Two years ago, on a whim, I’d started a YouTube channel for no other reason than I wanted to share my experiences working as a stripper and because I wanted some kind of creative outlet. I hadn’t expected to make a cent from it, but I’d done it right because that’s just how I worked. I took an online course on filming, branding and editing. I spent a small fortune on a fancy camera and lighting then arranged an aesthetically pleasing background that suited my ‘brand’: a neon sign of a naked woman’s outline dancing on a pole, a bookcase full of steamy, feminist romance books and a rack of the outfits I wore on stage.

I filmed ten videos before uploading a single one. Then I created a schedule and truly started. I talked about my favorite makeup that lasted through the night. How to get the perfect bikini line shave. My favorite perfumes. How stripping on my period always got me the most tips, because despite what they said about the act of menstruation being dirty and forbidden, some carnal part of them loved the fucking smell of blood against expensive perfume.

The title of my channel was ‘Stripping Stripped.’

I had five thousand subscribers my first month, ten the month later.

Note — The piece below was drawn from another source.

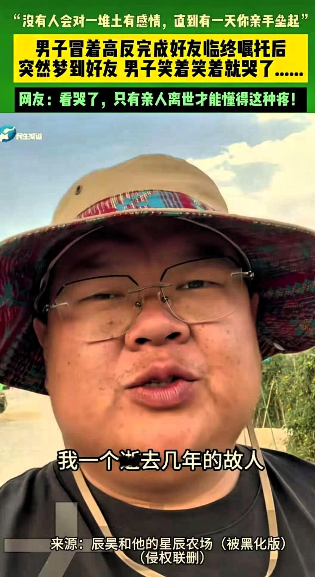 “看哭了!”云南,一男子晚上梦到逝去几年的故友,在梦里一直说自己冷,他先是有些哭笑不得,可回过神来,眼泪却止不住地往下流。 两人是大学同学,相识多年,感情一直很深厚。平日里虽然相隔千里,却时常联系,见面时也总爱互相开玩笑,关系十分亲近。后来好友查出重病,因为自幼跟着爷爷奶奶长大,亲人相继离世,身边没有其他依靠,便把身后事全都托付给了他。 让他格外动容的是,好友不仅提前准备好了所有费用,还体谅他工作繁忙,特意在遗嘱里写明,允许他在三年内帮忙下葬。甚至考虑到他以后的生活,在自己的公司为他留了职位,再三叮嘱合伙人多加照顾。离世前,好友还把骨灰烧成瓷盘,既特别又方便携带。 男子把这只瓷盘在家中放了整整三年,直到期限将至,才背着氧气瓶来到西藏,按照好友的心愿,将瓷盘安葬在海拔四千米的山地里。 如今好友托梦说冷,他心里满是心酸与思念。这段跨越生死的情谊,没有华丽的言语,却处处透着真诚与担当。朋友之间最难得的,就是这份毫无保留的信任,和说到做到的坚守。 而好友留下的那句“再忙也要好好吃饭”,更是简单又实在。很多人为了生活拼命奔波,常常忽略身体健康,等到失去才追悔莫及。 其实人生不必追求太多轰轰烈烈,平安健康,身边有真心相待的人,就已经足够珍贵。这样平淡又真挚的情义,最能打动人心。 这样真诚的朋友,是不是也让你心里一暖?

Now I was at almost half a million. I made good money off my videos. Uploading one every Wednesday, without fail, I earned thousands a month without any sponsorship. I talked a lot about sex, taking care of intimate parts of your body, how to be safe in the industry. I also did interviews with sex workers, cam girls and porn stars. So yeah, I was doing pretty fucking well.

I was proud of myself. I came from nothing, wasn’t educated enough to go to college and I was full of emotional holes, so I used what I had. Now I earned more in a year than most fucking doctors. My car was paid off, and I bought my house with a fifty percent deposit. I invested in cryptocurrency because I knew that my body would inevitably start to sag, then I wouldn’t be able to strip any longer. Or before that happened I wouldn’t want to strip any longer. And eventually, I wouldn’t be hot anymore, my subscribers would get bored with me or I’d get tired of doing videos around the same time my body started to sag.